Although assailed by critics, the ACA has grown popular among Americans in an array of opinion surveys. It wins more voter support than a signature, early-term action by the Trump Administration and congressional Republicans: Giving wealthy corporations and the richest Americans more than $1 trillion in tax cuts.
November will be a key time — a decisive one — not only for Americans in deciding about their individual health insurance but also about who they want in Washington, D.C., steering crucial matters about their health coverage and the health-care system that takes up 18.5 percent of the U.S. GDP.

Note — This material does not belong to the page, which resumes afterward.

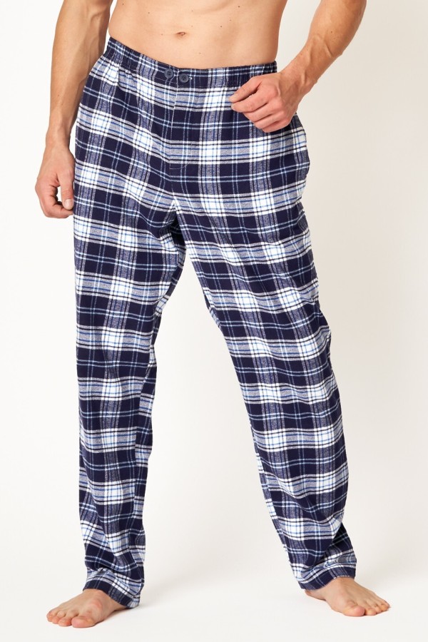 Pantalon de pijama pentru barbati confectionat din flanel pentru a va asigura o senzatie de caldura si confort. Pantalonul este lung, are talie elastica confortabila ce se fixeaza cu nasturi, prezinta model deosebit cu carouri si este prevazut cu buzunare laterale.
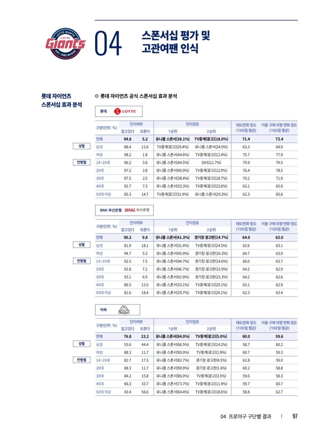우리 팬 성향 : 여자팬이 더 많고/ 20대 팬이 1위 30대팬이 2위 / 경남권에 팬 밀집 그다음 수도권팬이 많음

The White House and Congress both will have significant sway over big issues — like the funding and future of Medicare and Medicaid, the government support programs that provide health coverage to tens of millions among us. Elected officials also will play determining roles in grittier coverage problems, including the fate of protections against “surprise” and “balance” medical bills and insurer bias on pre-existing medical conditions.
Uncovered: ‘surprise’ and ‘balance’ bills
Profit-seeking insurers, as part of the protections for their own interests that they put in place after the passage of Obamacare, narrowed patients’ health care networks. This has constrained Americans’ choices of doctors and hospitals, forcing the insured to roll through huge phone books of medical providers to find those participating in their health plans.
At the same time, insurers have stepped up the penalties for out-of-network treatment, hitting patients with big, surprising, and much-dreaded medical bills, notably for emergency care. Who, after all, stops anyone in scrubs from caring for you when you’re so sick or injured that you’ve been rolled into an ER? We’re really supposed to make them tell us which insurer network they’re in before they administer care? Who, before going under, grabs a syringe from an anesthesiologist to ask if she’s in a given insurer network?
Media organizations, rightly, have shamed doctors and hospitals for balance billing (providers seeking big sums from patients whose insurers already have made “fair and reasonable” reimbursements). This coverage included a recent story about a 44-year-old Texas teacher and father of two. After he suffered a heart attack, his insurer paid a hospital $56,000 for his stay and treatment. But the hospital demanded $108,951 more. Public outrage led the institution, which defended its actions to the hilt, to eventually settle the dispute for $332.39.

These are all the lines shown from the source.